Literary Context (cont.)
At another point, she comments, “From my own experience in trying to
make stories 'work,' I have discovered that what is needed is an action
that is totally unexpected, yet totally believable, and I have found that, for
me, this is always an action which indicates that grace has been offered.
And frequently it is an action in which the devil has been the unwilling
instrument of grace.”
Loosely defined, Illuminating Grace (the type of grace most frequently
used by O'Connor in her stories) may be described as a gift, freely given by
God, which is designed to enlighten the minds of people and help them
toward eternal life. It may take the form of some natural mental
experience, such as a dream or viewing a beautiful sunset, or of some
experience imposed from outside the individual — for example, from
hearing a sermon or from experiencing an intense joy, a sorrow, or some
other shock.
Literary Context (cont.)
Man, having been given free will, may, according to the Catholic position,
elect not to accept the gift of grace, as opposed to a Calvinist position,
which argues for a concept of Irresistible Grace — that is, man cannot
reject God's grace when it is given to him. Even though O'Connor notes
that she looks for the moment “in which the presence of grace can be felt
as it waits to be accepted or rejected,” one should not assume that she is
attempting to pass judgment on the ultimate fate of her characters. That,
from an orthodox point of view, is not possible for man to do.

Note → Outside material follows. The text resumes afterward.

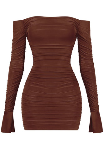 Priscilla off shoulder dress - Brown
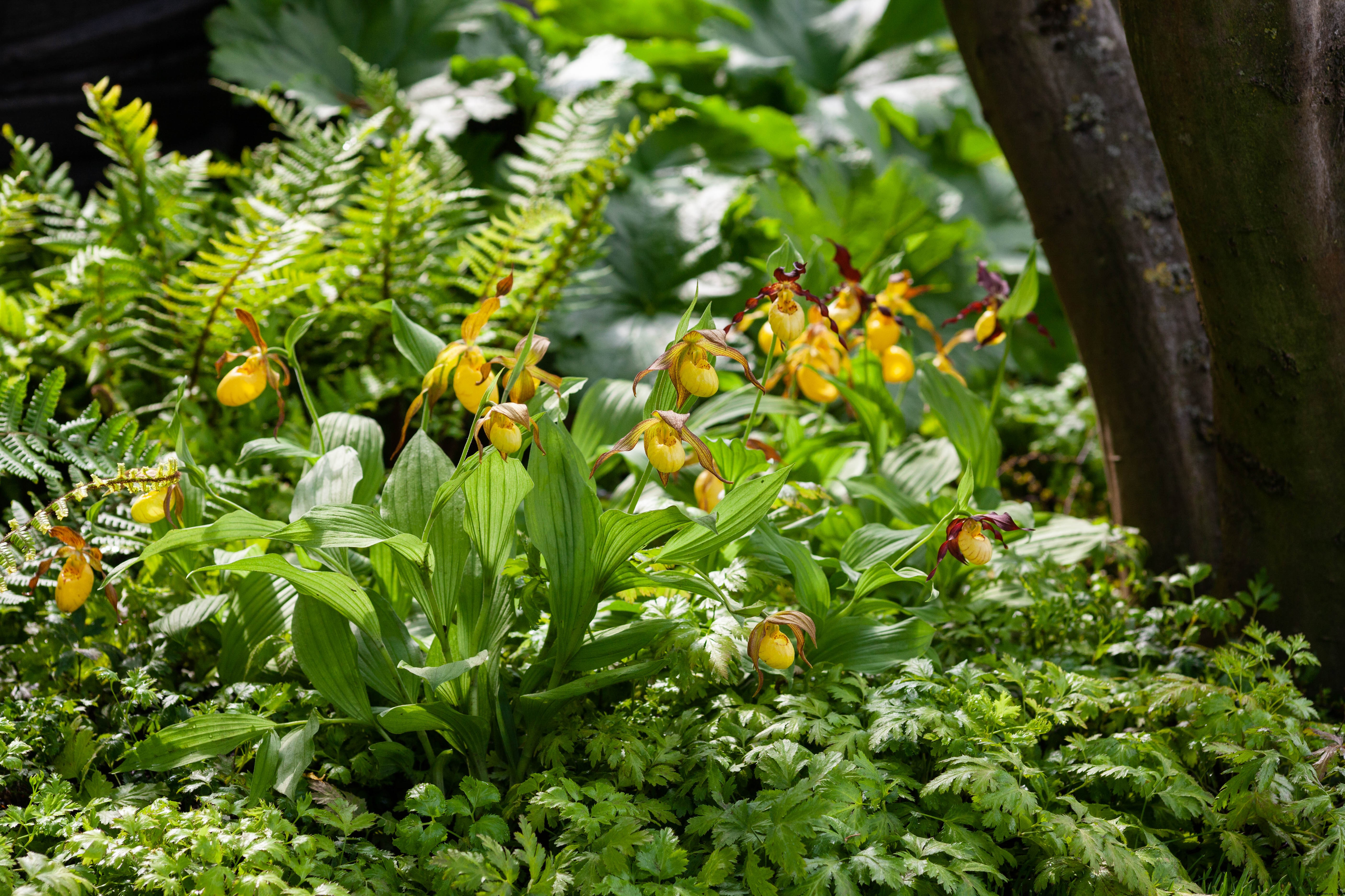 Winning Best in Show at RHS Chelsea 2019, Andy Sturgeon’s garden for M&G Investments was an exercise in green planting. It wasn’t all monotone however. Sparks of acid green and yellow brought the scheme to life. At home, include textural variations with restios contrasting with ferns, equisetum and Gunnera maciatum. Cypripedium, also known as slipper orchids, also put in a show. These are surprisingly hardy plants that can cope with harsh conditions. Try Cypripedium ‘Kentucky Pink’ for a similar look.

Even though O'Connor's vision was essentially religious, she chose to
present it from a primarily comic or grotesque perspective.
This story is divided into four rather distinct sections which help emphasize the relationships between the four central characters. By dividing the story into four loosely distinct sections, O'Connor is able to establish subtle parallels between the characters of Mrs. Freeman and Manley Pointer and between Mrs. Hopewell and her daughter, Joy/Hulga, while at the same time providing details which appear to emphasize the different facets of the four individual characters. For example, O'Connor uses the day of Joy’s/Hulga's "enlightenment" in order to create parallels between Mrs. Freeman and Manley Pointer, while the flashbacks to the events of the previous day establish the parallels which exist between Joy/Hulga and her mother.
Within this larger setting are two others: Mrs. Hopewell’s house, especially the kitchen, where the story begins, and the property beyond the gate of the house, where Manley seduces Joy/Hulga. Mrs. Hopewell and Mrs. Freeman carry on “their most important business in the kitchen at breakfast.” The kitchen, generally thought of as the heart of a home, in this story does not provide such symbolic sustenance because of the insipid talk between the women when they visit there. The fact that Joy/Hulga has “a bad heart” reinforces this emptiness in the Hopewell kitchen. The setting is significant, too, because it is a site of female domesticity, and this is a story about women without men—until, that is, Manley Pointer comes to sell Bibles. His aggressive intrusion into this female space is demonstrated when he falls “forward into her hall” as Mrs. Hopewell allows him into her home. The garden outside the kitchen is also significant, for here the women pull out “evil-smelling onions” when they see Pointer walk off into the distance, as if eradicating his evil in essence from their territory.
Outside the safety of the home, Joy/Hulga makes a rendezvous with Pointer. She meets him at the gate; walks across the pasture; climbs a ladder to the loft; and from there watches him walk away after he kisses her, removes her wooden leg, and ultimately takes it with him when he leaves. All of these details of place carry meaning. The gate symbolizes Joy’s/Hulga’s introduction to the outside world, and the ladder that leads to the loft signifies the arrogance of her sense of intellectual superiority, her presumption that she is Manley’s (and everyone’s) better – an attitude that proves to be her demise as the story continues.